> **TASK TO COMPLETE**
Give the listing again word for word. Leave every image out.

> **GIVEN MATERIAL**

++++

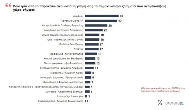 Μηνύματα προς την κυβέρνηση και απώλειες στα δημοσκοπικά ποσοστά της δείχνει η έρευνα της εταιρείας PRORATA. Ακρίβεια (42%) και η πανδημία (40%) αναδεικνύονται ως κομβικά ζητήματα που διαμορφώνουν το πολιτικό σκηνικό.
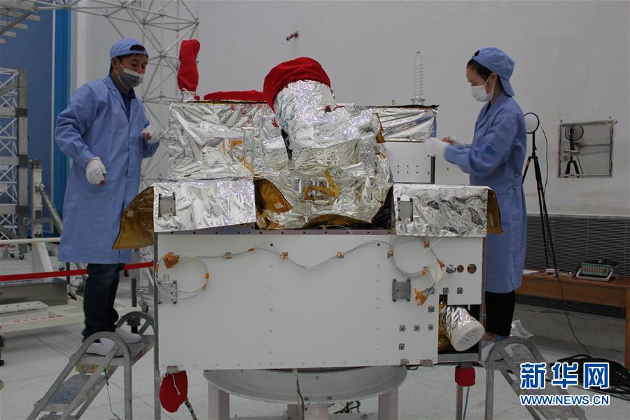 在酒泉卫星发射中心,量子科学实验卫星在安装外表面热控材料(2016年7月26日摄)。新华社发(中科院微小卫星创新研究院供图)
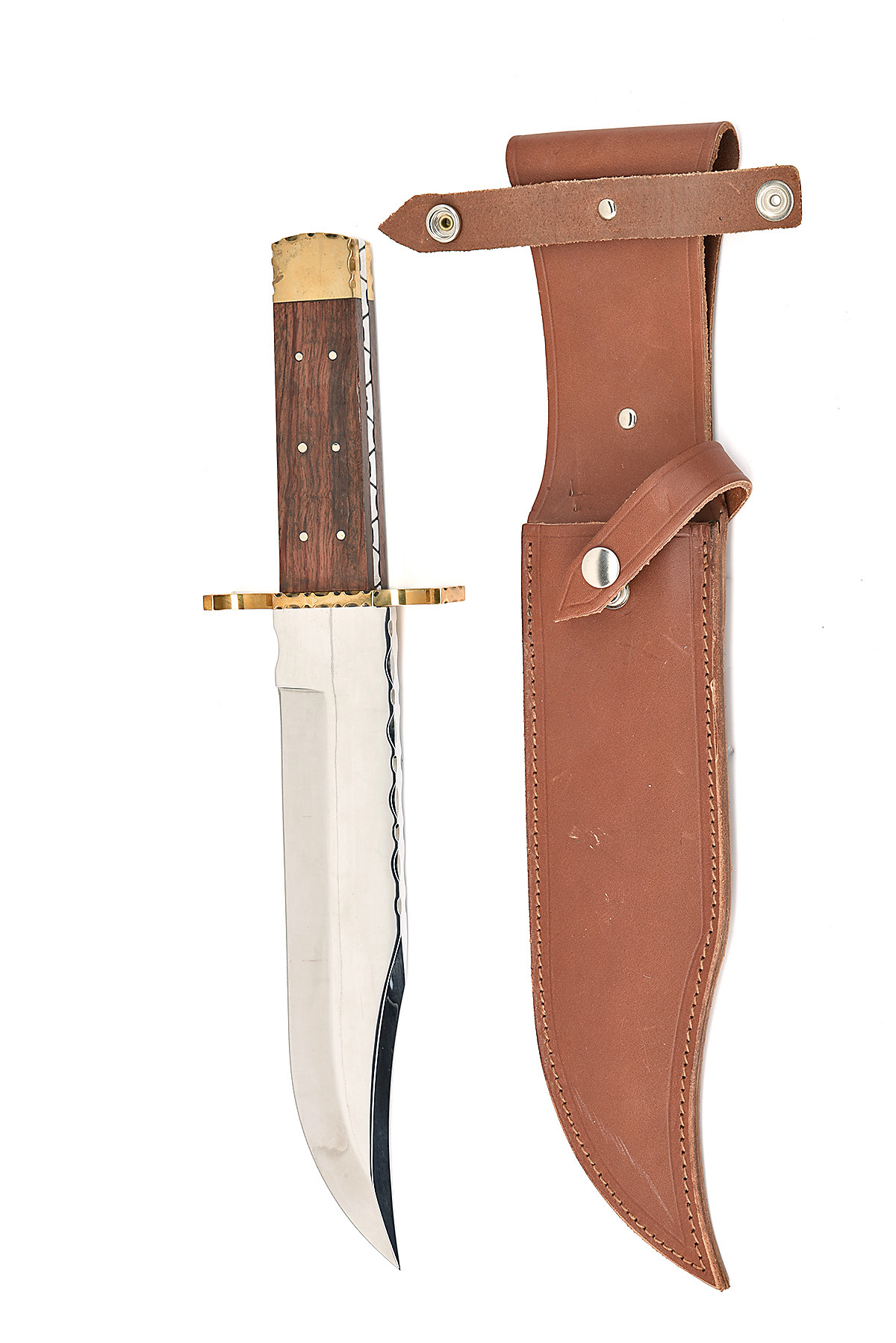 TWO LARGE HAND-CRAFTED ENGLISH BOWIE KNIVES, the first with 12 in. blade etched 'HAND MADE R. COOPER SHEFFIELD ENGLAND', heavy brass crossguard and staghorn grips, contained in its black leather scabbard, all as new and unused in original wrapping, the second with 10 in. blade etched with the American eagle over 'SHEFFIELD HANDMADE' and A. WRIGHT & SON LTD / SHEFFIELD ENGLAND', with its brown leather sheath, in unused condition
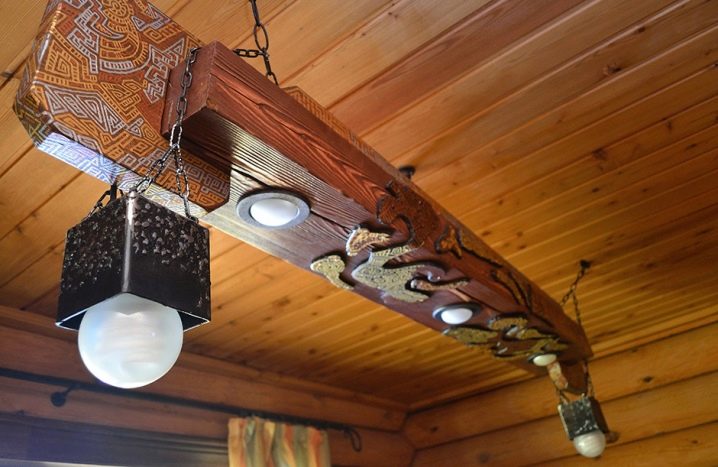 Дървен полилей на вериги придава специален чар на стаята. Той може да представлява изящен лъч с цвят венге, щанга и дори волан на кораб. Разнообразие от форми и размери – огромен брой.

++++

> **RESPONSE TO THE EXERCISE**
 Μηνύματα προς την κυβέρνηση και απώλειες στα δημοσκοπικά ποσοστά της δείχνει η έρευνα της εταιρείας PRORATA. Ακρίβεια (42%) και η πανδημία (40%) αναδεικνύονται ως κομβικά ζητήματα που διαμορφώνουν το πολιτικό σκηνικό.
 在酒泉卫星发射中心,量子科学实验卫星在安装外表面热控材料(2016年7月26日摄)。新华社发(中科院微小卫星创新研究院供图)
 TWO LARGE HAND-CRAFTED ENGLISH BOWIE KNIVES, the first with 12 in. blade etched 'HAND MADE R. COOPER SHEFFIELD ENGLAND', heavy brass crossguard and staghorn grips, contained in its black leather scabbard, all as new and unused in original wrapping, the second with 10 in. blade etched with the American eagle over 'SHEFFIELD HANDMADE' and A. WRIGHT & SON LTD / SHEFFIELD ENGLAND', with its brown leather sheath, in unused condition
 Дървен полилей на вериги придава специален чар на стаята. Той може да представлява изящен лъч с цвят венге, щанга и дори волан на кораб. Разнообразие от форми и размери – огромен брой.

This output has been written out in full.